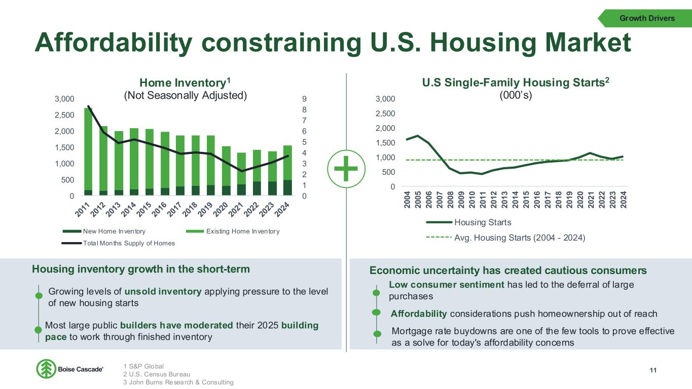 Demographics Indicate a Long Runway for Housing Growth 10 Record home equity and locked-in low- rate mortgages driving strength in Repair and Remodeling Cumulative undersupply estimated to be 1MM – 2MM homes after decade of underbuilding Cohort entering typical home-buying age is large and growing Strong household formation supports demand for 1.45MM annual housing starts for the next decade1 Remote/hybrid work driving new development further from cities Growth Drivers 1 JBREC – U.S. Demographic Insights
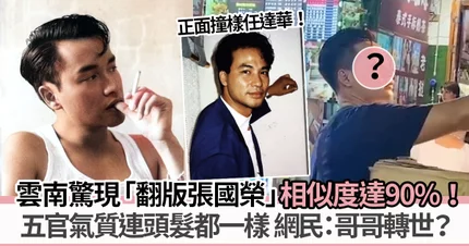 照片中的燒烤店檔主不論是五官、神髓,甚至髮型也與張國榮在《阿飛正傳》中的造型極度神似,有網民覺得相似度高達9成,更震驚高呼:「哥哥回來了嗎?」
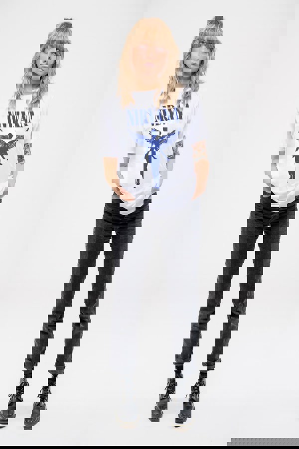 An official licensed Nirvana Ladies T-Shirt featuring the 'Angelic Blue Mono' design motif. This high quality T-Shirt is available in a white colourway. High quality soft-style cotton ladies t-shirt featuring front printing. Comes in a wide range of sizes from Small through XX-Large, subject to availability.
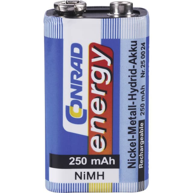 • 9 V-blokbatteri Conrad energy 6LR61 NiMH 8.4 V 250 mAh 1 stk
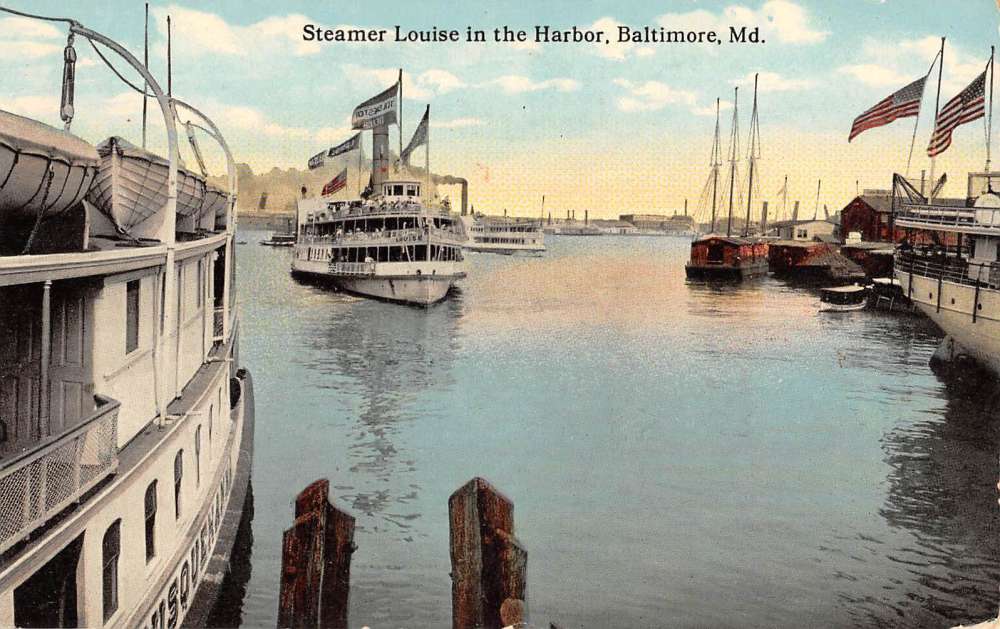 Baltimore Maryland Steamer Louise In Harbor Antique Postcard K87482
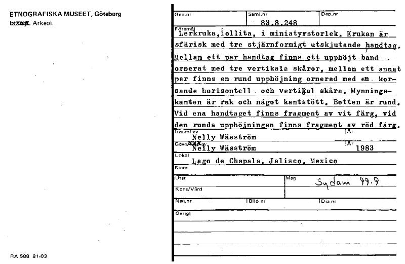 ETNOGRAFISKA MUSEET, Göteborg Etrunt. Arkeol. RA 588 81-03 Gen.nr Saml.nr • 83.8:248 Dep.nr Frekruka,Lollita, i miniatyrstorlek. Krukan är sfärisk med tre stjärnformigt utskjutande handtag 1 Mellan ett par handtag finns ett upphöjt band , ornerat med tre vertikala skåror, mellan ett anna par finns en rund upphöjning ornerad med en_ kor- sande horisontell_ och verti#al skåra. Mynnings- kanten är rak och något kantstött. Botten är rund Vid ena handtaget finns fragment av vit färg, vid den runda upphöjningen finns fragment av röd färg Insaml av I Ar Nelly Wäsström IÅ Gbantyly r Wäsström 1983 Lokal Lago de Chapala. Jalisco Mexico Stam Utst Mag ''r519 Kons/Vård Neg.nr I Bild nr lDia nr Övrigt [ocr]
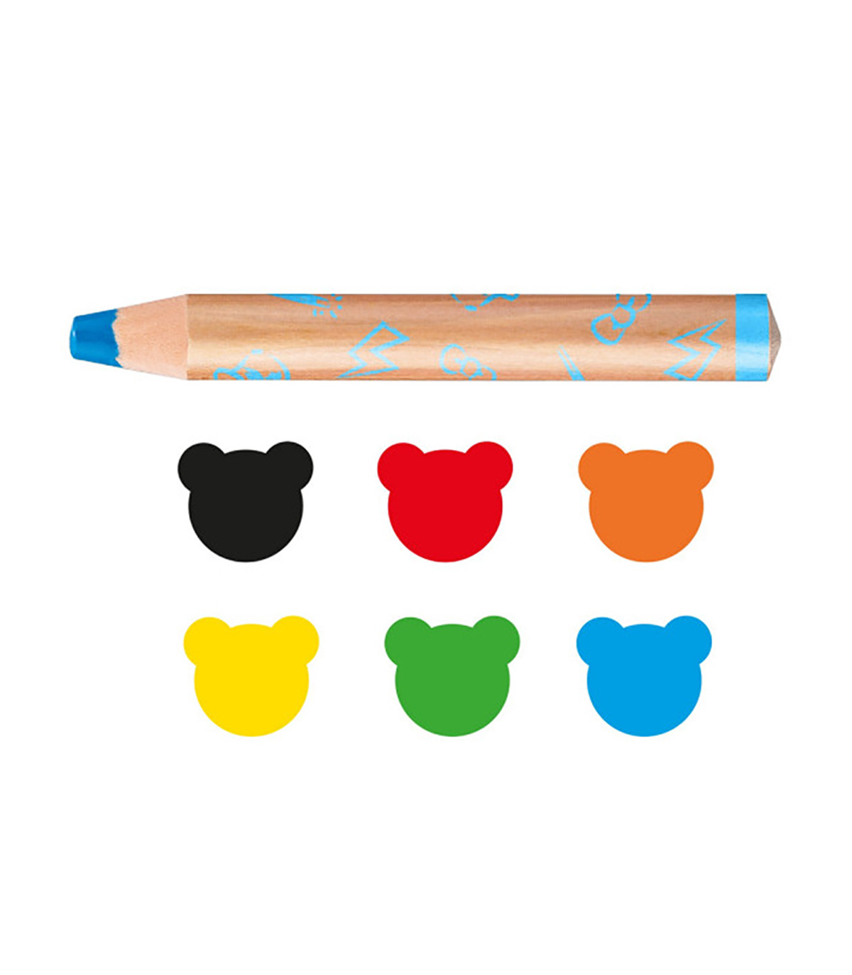 Caja de 6 lápices Baby para chicos a partir de los 12 meses. Lápiz, crayón y acuarela en un único lápiz. Cuerpo extra grande de 10 mm de diámetro, fácil de agarrar. Acuarelables si se mezclan con agua y pincel. Sacapuntas incluido. Colores brillantes y la
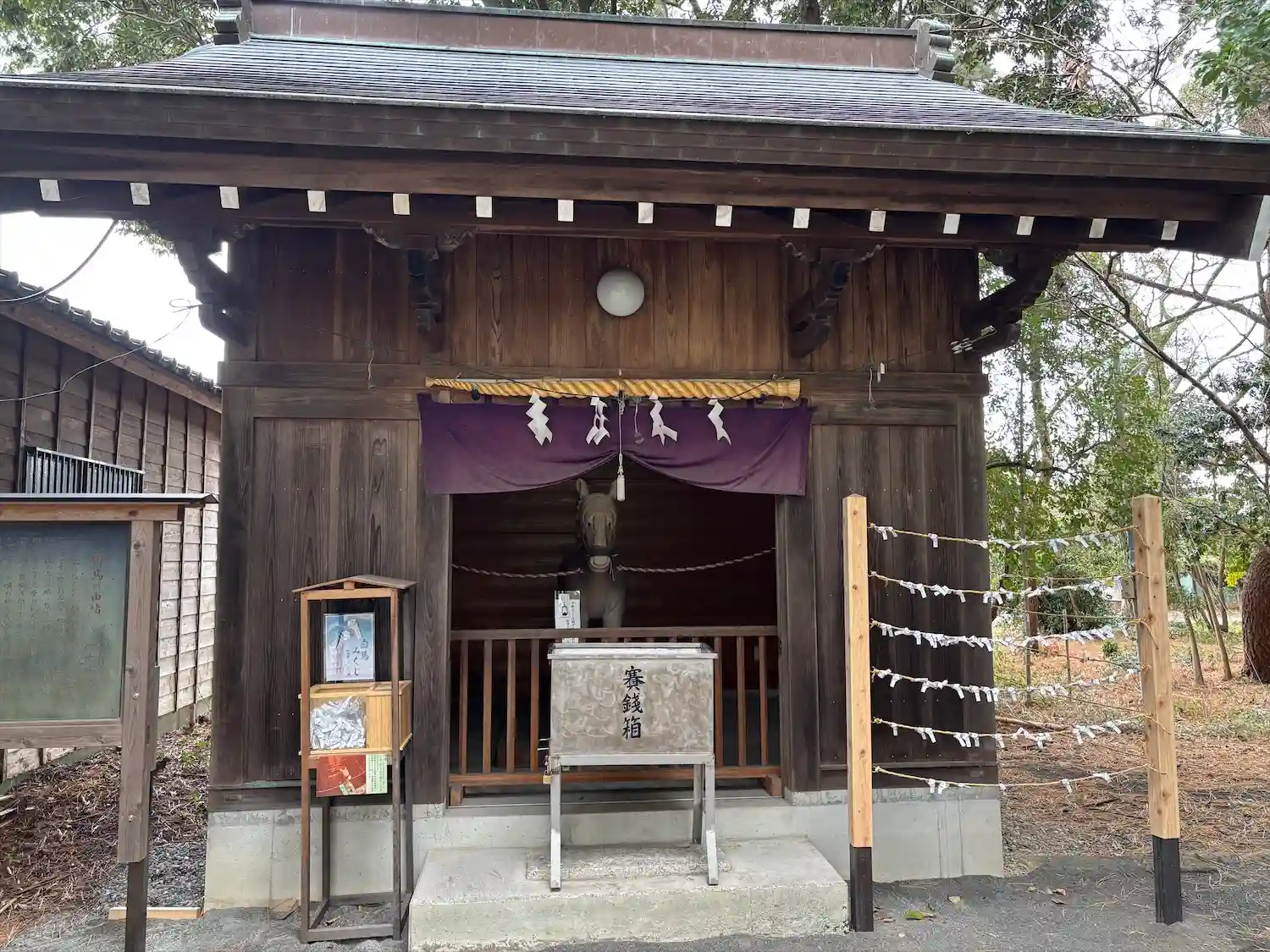 1773(安永2)年の駿府大火で静岡淺間神社の神馬2頭が御穂神社へ逃れ、1頭は元に戻り、その残った1頭という伝説があるそう。
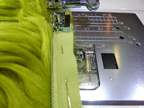 - The only extra step when doing a zipper insertion in faux fur is to comb the fur away from the raw edge of the fabric so you don’t have little hairs in the way of the zipper tape when sewing.
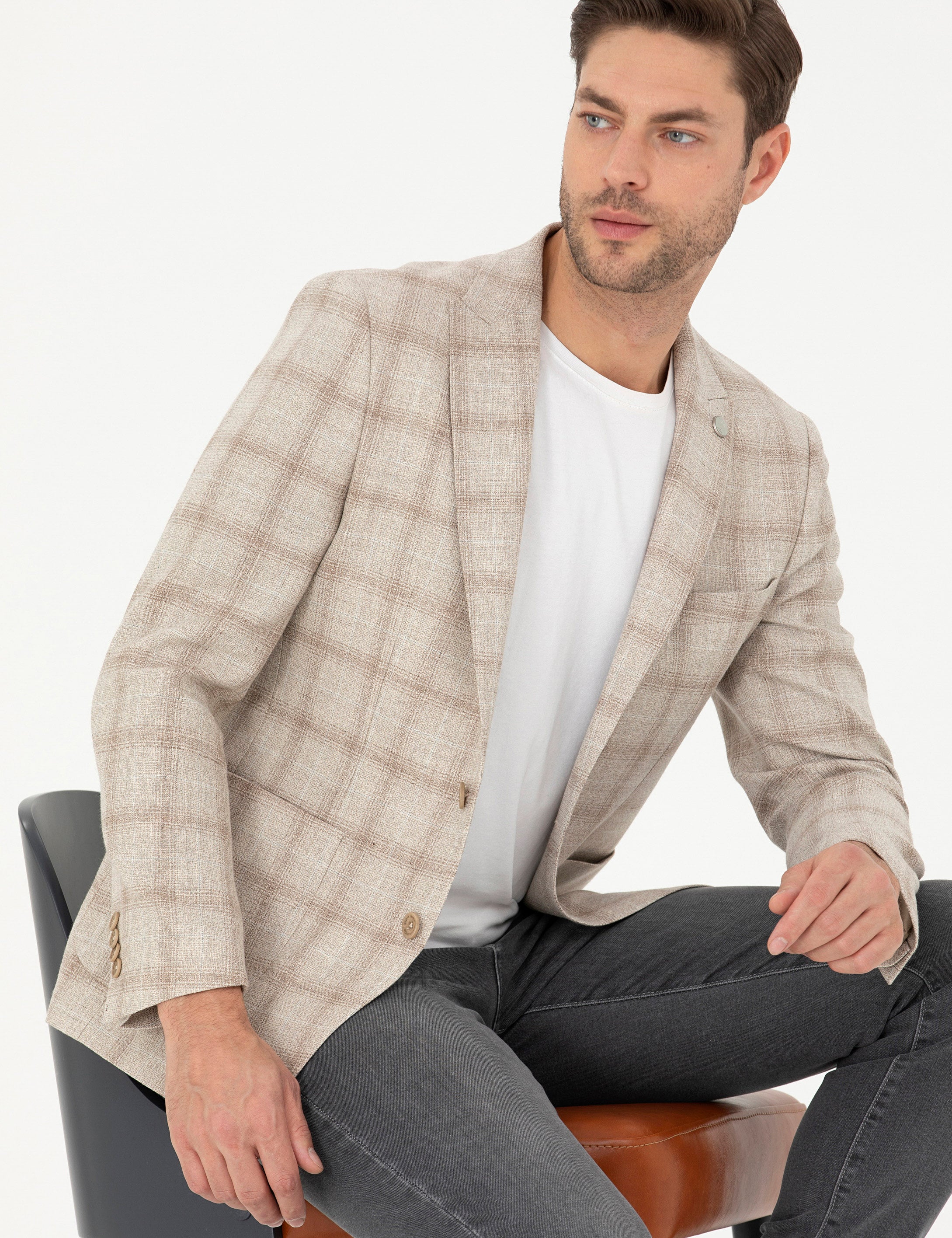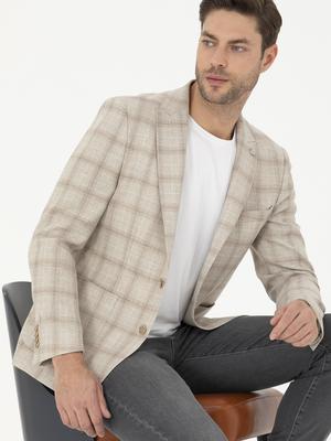 Bej Slim Fit Keten Karışımlı Ekose Ceket
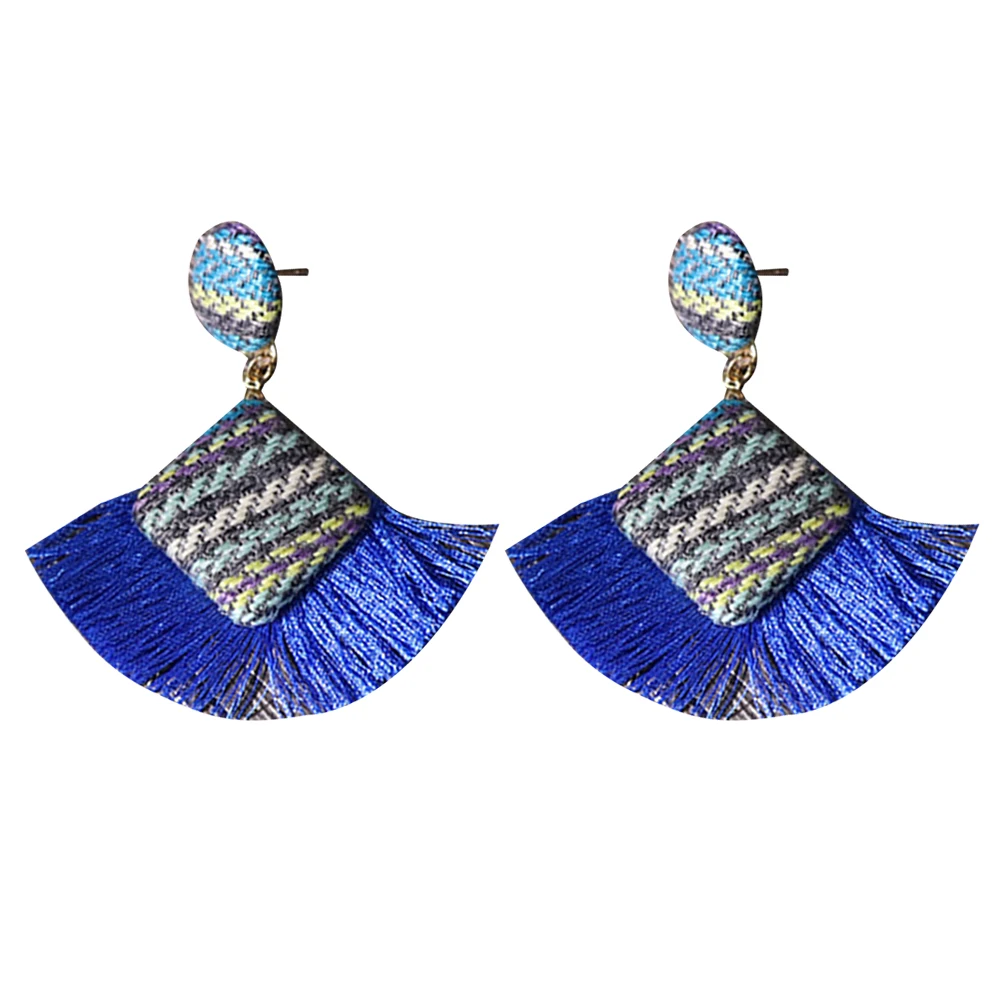 Серьги-гвоздики в стиле ретро с ромбическим веером и бахромой, Женские Ювелирные изделия
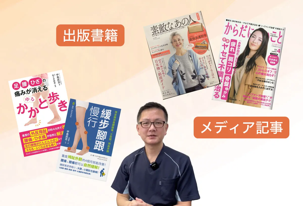 小さな違和感だった足の痛みが、時間が経つにつれて強くなり、歩くのすら辛くなります。 足元が不安定になることで、歩き方が変わり、腰や膝に負担がかかり始めます。毎日の仕事や家事で慢性的な腰痛や膝の痛みが続き、日常生活がどんどん辛くなります。 足のアライメントが乱れると、全身のバランスが崩れ、姿勢が悪化。立っているのも座っているのも疲れるようになり、体全体の不調を感じることに… 足の親指が曲がり、サンダルやヒールを履けなくなり、足元が気になって人前で足を見せることすら避けたくなります。好きな靴やファッションを楽しめなくなり、外出するのも億劫に…。 当院では外反母趾の一時的な痛みの緩和ではなく、根本的な改善へ導きます。外反母趾の主な原因は、足のねじれです。足のねじれを取り除く整体施術と、正しい歩き方を指導することで、外反母趾を根本から改善します。 当院では、大学病院でも導入されている医療用測定器を使用して、外反母趾の状態を正確に測定します。 足の専門家としてYoutube登録者数13万人を誇る中島武志が監修。米国足学理論に基づき独自の治療法を開発。サントリーウェルネス株式会社から依頼され歩行指導動画も監修。 足が痛くて演奏活動に支障をきたし、さまざまな治療院に行きましたが全く良くならないどころか、むしろ悪化。そんな時に中島先生のことを知りました。今では痛みは激減し、ヨーロッパの堅い石畳を長距離歩いても、何とかやっていけています。本当に助かりました! (施術効果には個人差があります) 長年足の問題に悩まされていたのですが、その変化にビックリ。もっと早くに出会えていればと思わずにいられません。生徒さんにも紹介していますが、足の変化が姿勢などにも影響するようで皆さんのギターの上達まで加速しています! (施術効果には個人差があります) 徹底的な改善を実現するため、お仕事中の姿勢や普段はいている靴、これまでのスポーツ経験やケガの履歴まで、20を超える項目について詳しくお伺いいたします。 医療用測定器「フットルック」で測定。親指や小指の状態はもちろん、足の圧力分布や土踏まずの状態など、あなたの足の問題を、様々な角度から全て明らかにします。 足の状態の悪化は、足が支える全身の状態にも影響します。すでにどれぐらいの影響がどの範囲まで出ているのかを、姿勢測定アプリを使用し測定し詳細に解説します。 足の形に問題がある方は、ほぼ必ず全身に影響が出ています。なのでそれを改善するため短時間で大きな効果をもたらす整体施術を施します。また簡単に正しい立ち方の指導もいたします。 以上の各種測定や実際のお体を確認したことを踏まえて、「いつまでに」「どれぐらいの」改善が可能か、その日のうちにお伝えいたします。

^^^^^^^^

Nothing should appear in the answer except the lines from the first line of the data through the line holding "Baltimore Maryland Steamer", exactly as written, with pictures left out.

 Demographics Indicate a Long Runway for Housing Growth 10 Record home equity and locked-in low- rate mortgages driving strength in Repair and Remodeling Cumulative undersupply estimated to be 1MM – 2MM homes after decade of underbuilding Cohort entering typical home-buying age is large and growing Strong household formation supports demand for 1.45MM annual housing starts for the next decade1 Remote/hybrid work driving new development further from cities Growth Drivers 1 JBREC – U.S. Demographic Insights
 照片中的燒烤店檔主不論是五官、神髓,甚至髮型也與張國榮在《阿飛正傳》中的造型極度神似,有網民覺得相似度高達9成,更震驚高呼:「哥哥回來了嗎?」
 An official licensed Nirvana Ladies T-Shirt featuring the 'Angelic Blue Mono' design motif. This high quality T-Shirt is available in a white colourway. High quality soft-style cotton ladies t-shirt featuring front printing. Comes in a wide range of sizes from Small through XX-Large, subject to availability.
 • 9 V-blokbatteri Conrad energy 6LR61 NiMH 8.4 V 250 mAh 1 stk
 Baltimore Maryland Steamer Louise In Harbor Antique Postcard K87482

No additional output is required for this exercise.